Midwestern

OPG Sets Timeline To Provide New Information On Nuclear Waste Repository Study

Ontario Power Generation (OPG) will submit additional information to the Canadian Environmental Assessment Agency (CEAA) on alternate sites for a proposed deep geologic repository for nuclear waste by May 26.

OPG's Fred Kuntz says they have spent a decade working toward the approval of a Deep Geologic Repository to store low and medium level nuclear waste at Bruce Power in Kincardine.

And he says it doesn't take long to study alternate locations because the required research doesn't include actual site studies, just the environment affects of alternate locations.

"And so that was done on a regional basis. And that was a methodology approved by the CEAA. The Bruce site is an actual site and core samples have been drilled there. And so it's a different degree of study," explains Kuntz.

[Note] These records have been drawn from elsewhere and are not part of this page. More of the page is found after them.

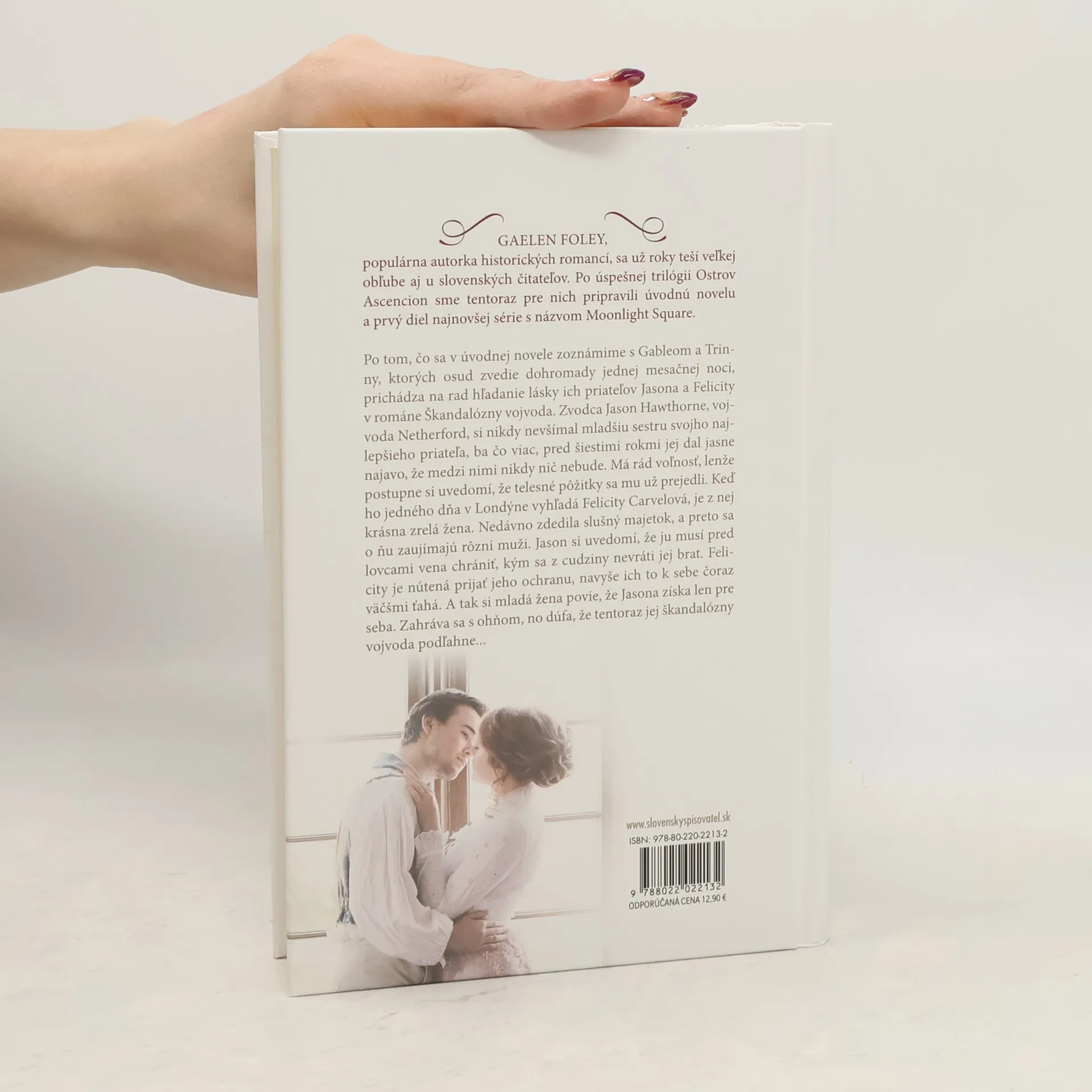 Gaelen Foley, populárna autorka historických romancí, sa už roky teší veľkej obľube aj u slovenských čitateľov. Po úspešnej trilógii Ostrov Ascencion sme tentoraz pre nich pripravili úvodnú novelu a prvý diel najnovšej regentskej série s názvom Moonlight Square. Po tom, čo sa v úvodnej novele zoznámime s Gableom a Trinny, ktorých osud zvedie dohromady jednej mesačnej noci, prichádza na rad hľadanie lásky ich priateľov Jasona a Felicity v románe Škandalózny vojvoda. Zvodca Jason Hawthorne, vojvoda Netherford, si nikdy nevšímal mladšiu sestru svojho najlepšieho priateľa, ba čo viac, pred šiestimi rokmi jej dal jasne najavo, že medzi nimi nikdy nič nebude. Má rád voľnosť, lenže postupne si uvedomí, že telesné pôžitky sa mu už prejedli. Keď ho jedného dňa v Londýne vyhľadá Felicity Carvelová, je z nej krásna zrelá žena. Nedávno zdedila slušný majetok, a tak sa o ňu zaujímajú rôzni muži. Jason si uvedomí, že ju musí pred lovcami vena chrániť, kým sa z cudziny nevráti jej brat. Felicity je nútená prijať jeho ochranu, navyše ich to k sebe čoraz väčšmi ťahá. A tak si mladá žena povie, že Jasona získa len pre seba. Zahráva sa s ohňom, no dúfa, že tentoraz jej škandalózny vojvoda podľahne... V sérii 0.5 a 1. díl.
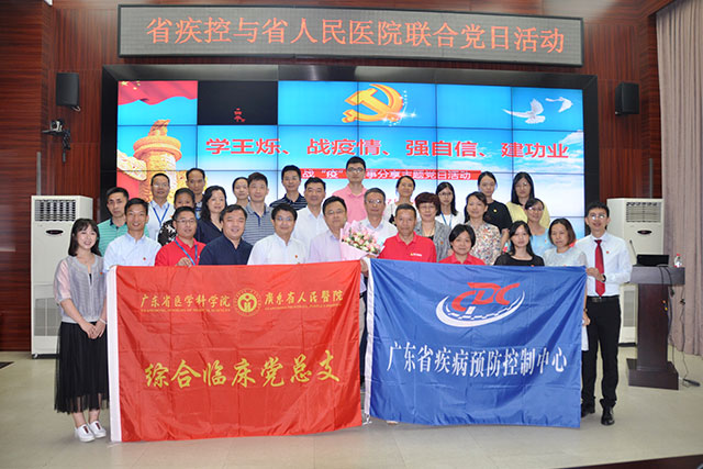 为贯彻落实中共广东省卫生健康委机关委员会关于《深入开展“学王烁、战疫情、强自信、建功业”活动工作方案》的要求,7月23日下午,我院综合临床总支与省疾控中心寄防所、微检所党支部就“学王烁、战疫情、强自信、建功业”开展联合主题党日活动,我院综合临床总支与省疾控中心寄防所、微检所党支部共有30余名党员干部参加。省疾控中心党委副书记、纪委书记詹建湘,我院党办主任张忠林等参加活动。
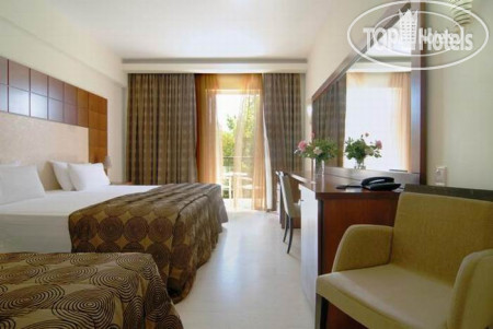 Мы отдыхали в этом отеле парой с 13 июля по 23 июля 2015 года. С первых минут впечатления были только положительные.С аэропорта до гостиницы ехали буквально 7 минут. По приезду нас встретил русскоговорящий администратор, что было очень приятно и неожиданно для Греции.Очень приветливая и веселая, рассказала все подробности и даже спрезентовала карту острова. Заселили нас в 13. 00 (хотя должны были в 14. 00). Когда попали в номер обалдели : номера шикарные для 4 звезд, поверьте есть с чем сравнивать, все со вкусом отделано, чистота и порядок. Полотенца меняли каждый день, постель через 2 дня, уборка помещений ежедневно. Пляж находится в 300 метрах по главной улице мимо уютных магазинчиков и кафе. Все чисто и аккуратно. Лежаки и зонтики платные (2 лежака и зонт-6 евро), но все чистое и удобное. Приятно удивило практически в каждом ресторане или прокате знание греками русского языка (в основном переселенцы). Питание в отеле очень разнообразное:выпечка домашняя, каждый день с утра и кашку и молочный супчик детям, а также пекут изредка тонкие блинчики с медом. Разнообразие натуральных мясных блюд, фруктов не много, но нам хватало более чем. Персонал очень вышкаленный и приветливый .Рекомендую всем этот отель, это настоящая твердая четверка. Отдохнули на все 100…
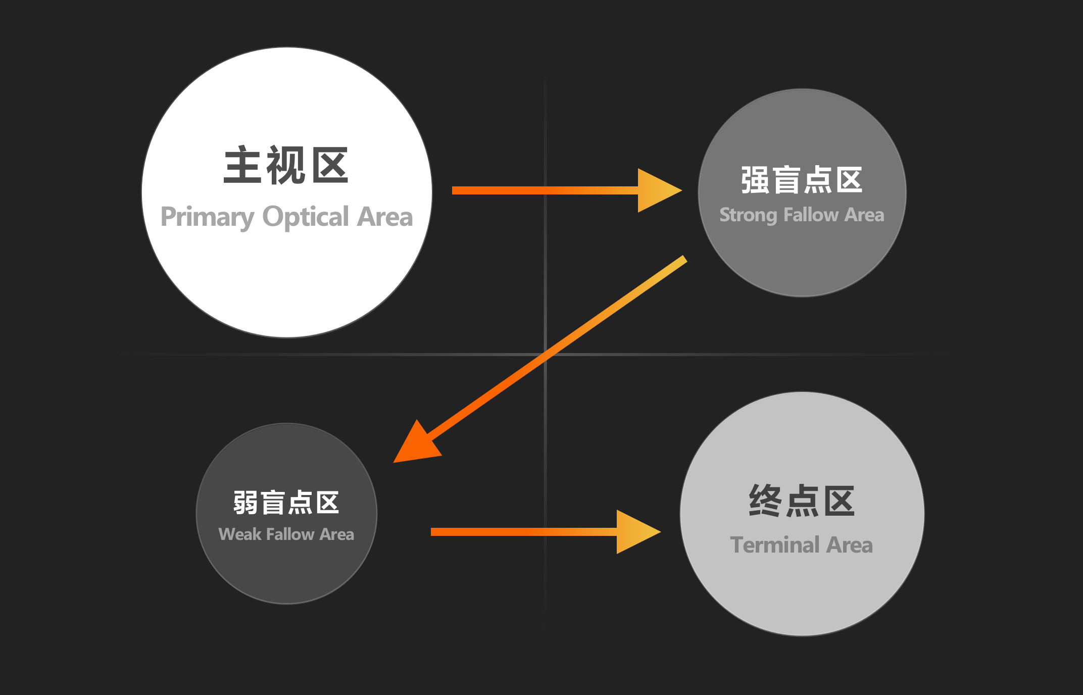 所以,界面中的左上和右下是用戶視覺最為重點關(guān)注的位置。遵循古騰堡法則,設(shè)計師應(yīng)該把界面的關(guān)鍵元素放在主視區(qū),終點區(qū)可以放按鈕、強提示,盲點區(qū)可以用來放一些相對次要的內(nèi)容,如輔助圖形、文字信息。
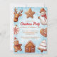 Celebrate in style with this cute gingerbread cookies party invitation. Perfect for decorating your Christmas or holiday party. Cheerful watercolor illustrations featuring gingerbread cookie figures (a Christmas tree, man with hat, snowman, star, heart, reindeer, house, and Christmas ball) on a blue and white background with snowflakes. Playful and charming, it's the perfect way to set the tone for a fun celebration and wish your loved ones a Merry Christmas.
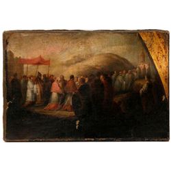 Artist: Unsigned. Subject/Title: A religious procession. Date Created: 17th/18th century. Medium: Oil on canvas. Size Image: 11 1/2 inches high 16 1/2
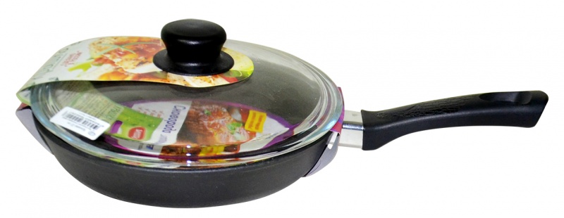 Сковорода чугунная d22см. Камская Б2042 бакелит. ручка, стеклянн. крышка
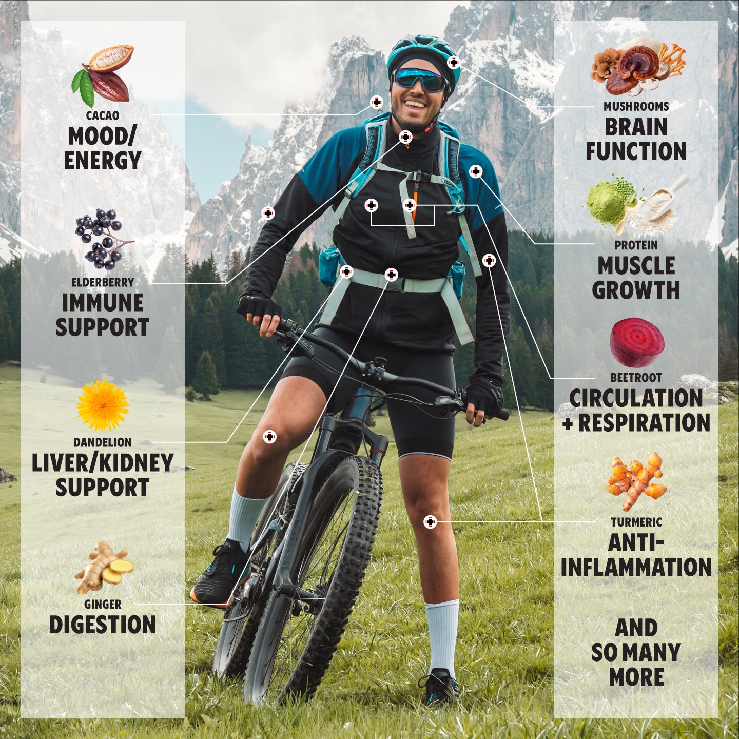 Simplify your protocol and get your protein powder, greens powder, fruit smoothie mix, functional mushrooms, beetroot powder, turmeric, elderberry, ginger, dandelion root and healthy fats all in a single delicious blend.
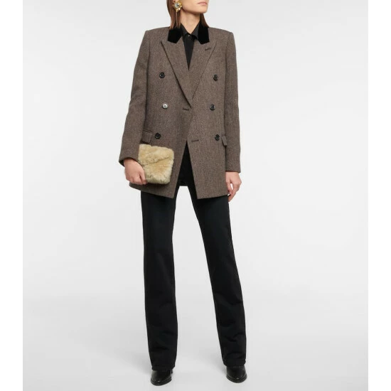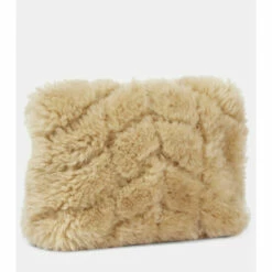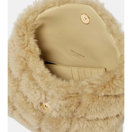 The puffer jacket, a favorite silhouette among the fashion set, informs the design of this beige Loulou Puffer clutch from Saint Laurent. Padded and quilted with a chevron effect, it’s made from soft, curly shearling with a flap top and internal slots. Its small size makes it easy to clutch in hand or clamp under your arm as a trendy pouch.
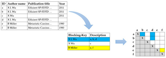Figure 3 shows an example of a standard blocking procedure demonstrated in a simple example, in which we dealt with a table containing data about the author, the title of the publication and the year of its publishing, where a unique identifier ID was assigned to each record. With standard blocking, each description is assigned to exactly one block based on its blocking key.
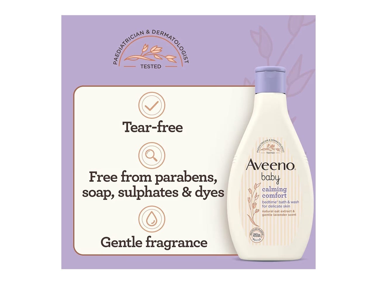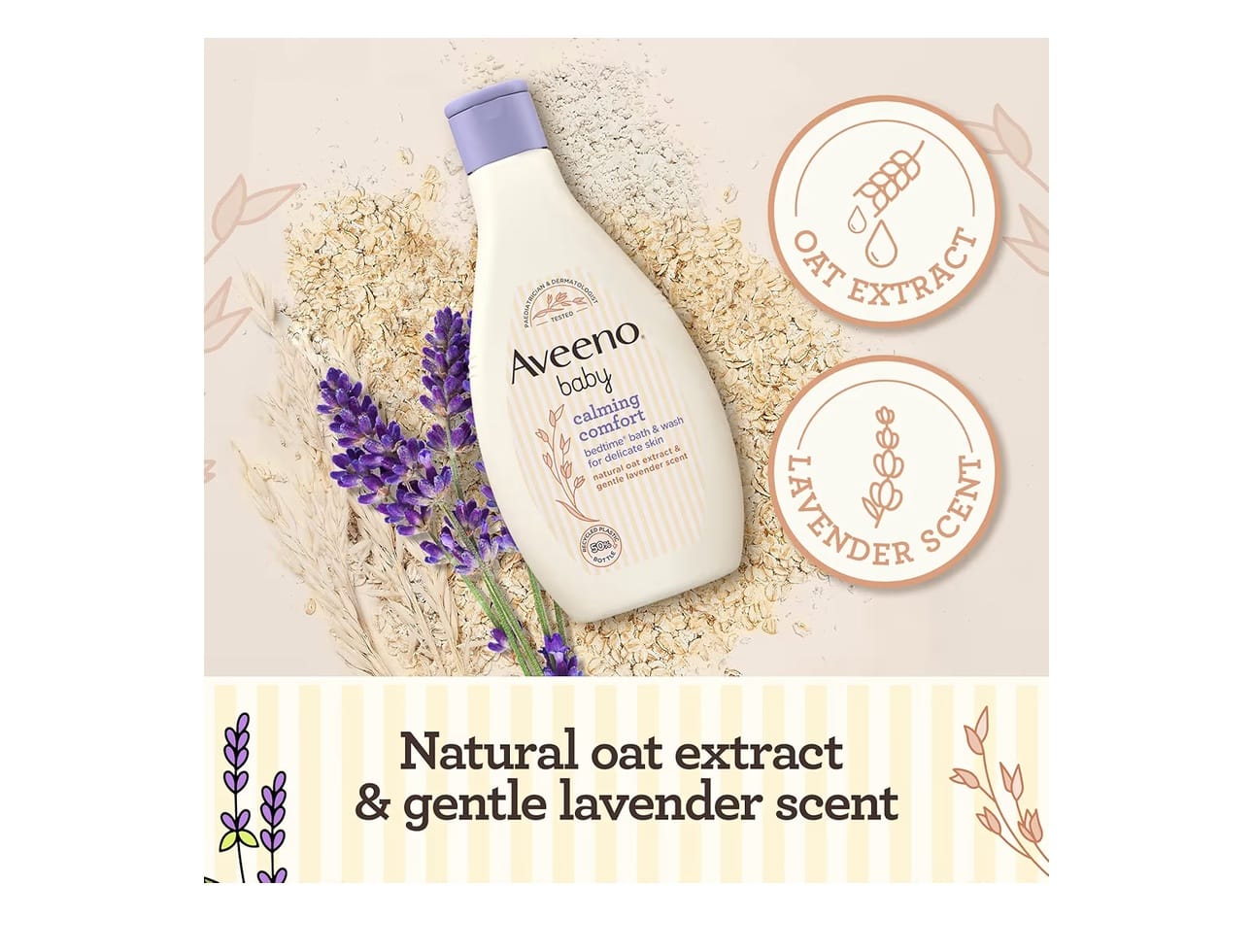 Aveeno Baby Calming Comfort Bedtime Bath & Wash is a gentle, soothing formula created to help your little one relax before bedtime. Infused with a soft lavender and vanilla scent, this calming wash is designed to comfort babies with delicate and sensitive skin. It gently cleanses without drying and leaves the skin feeling soft, smooth, and moisturized.

OPG will submit additional information about the alternate location summaries, and about the cumulative effect of the possibility of two nuclear waste repositories located near one another.

The Nuclear Waste Management Organization, meantime, is studying a number of locations for a second repository which would store used nuclear fuel, and several of those sites would be near the planned OPG nuclear waste storage repository.

OPG says once they receive Environmental Assessment approval, they would apply for a construction licence. That would be followed by further design work and site preparation. The DGR would not be in service until 2026 at the earliest.